Effets des processus à mésoéchelle (~10-300km) au sein des tempêtes hivernales

De nombreuses questions restent ouvertes sur la formation des vents forts à méso-échelle, et plus particulièrement sur ce qu'on appelle les "sting jets" à l'avant du front chaud rétrograde (rôle de l'instabilité symmétrique conditionnelle, rôle de l'évaporation des hydrométéores).

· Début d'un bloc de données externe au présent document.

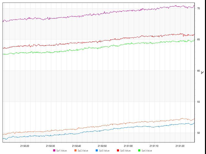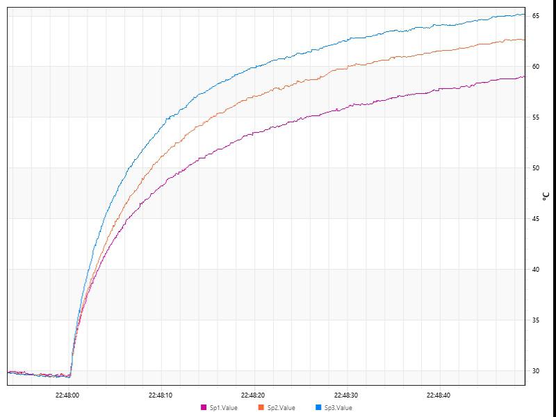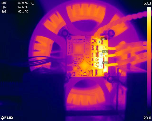 Performance was greatly improved, but there's still a ~7 degree C difference between the hottest and coldest FETs. Furthermore, in the middle of the board, the low-side FETs are several degrees hotter than the high-side FETs - traces Sp3 and Sp2 respectively on the plot below: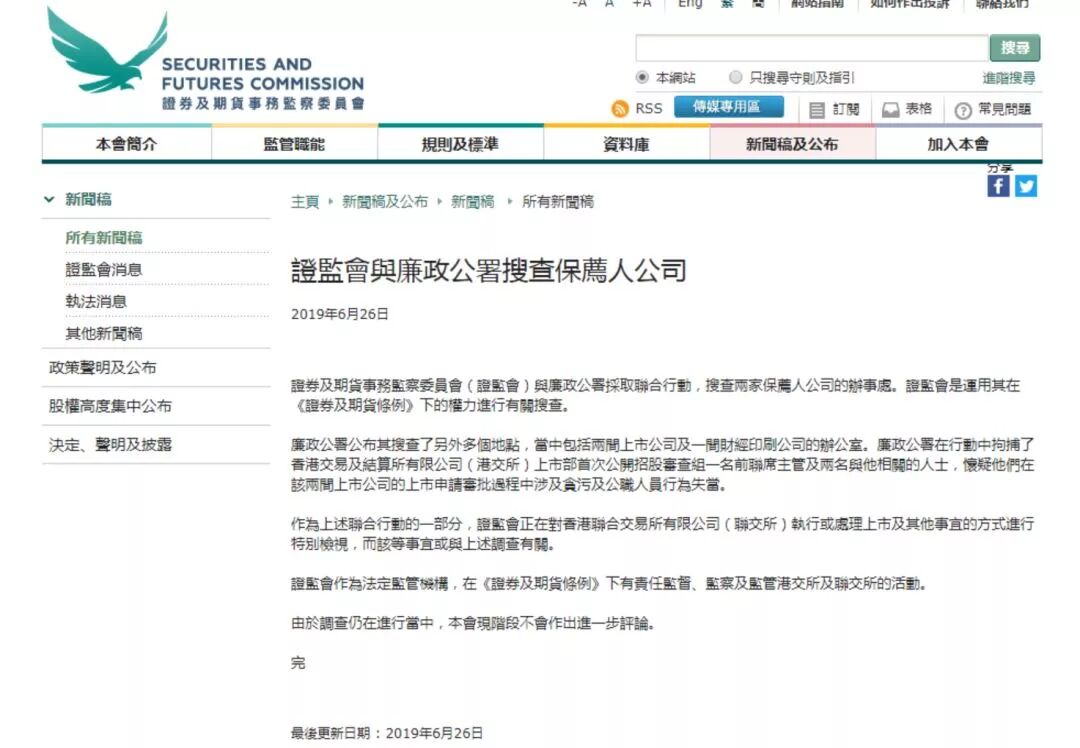 6月26日,香港证监会发布公告称,证监会与廉政公署采取联合行动,搜查两家保荐人公司的办事处、两间上市公司及一间财经印刷公司的办公室。廉政公署在行动中拘捕了港交所上市部首次公开招股审查组一名前联席主管及两名与他相关的人士,怀疑他们在该两间上市公司的上市申请审批过程中涉及贪污及公职人员行为失当。

Processus mésoéchelle au sein des tempêtes

Les processus humides à fines échelles ont également un impact à plus grande échelle, à l'échelle synoptique. Ainsi une mauvaise représentation de ces processus et du cycle de l'eau dans les modèles peut-elle aboutir à des détériorations des prévisions météorologiques à l'échelle synoptique au bout de quelques jours. Il est donc nécessaire d'observer à fine échelle ces processus et sur un grand domaine (c'est l'hypothèse scientifique de la campagne de mesure NAWDEX d'octobre 2016) pour permettre d'estimer plus précisément les biais des modèles et améliorer les paramétrisations physiques (e.g., microphysique des nuages).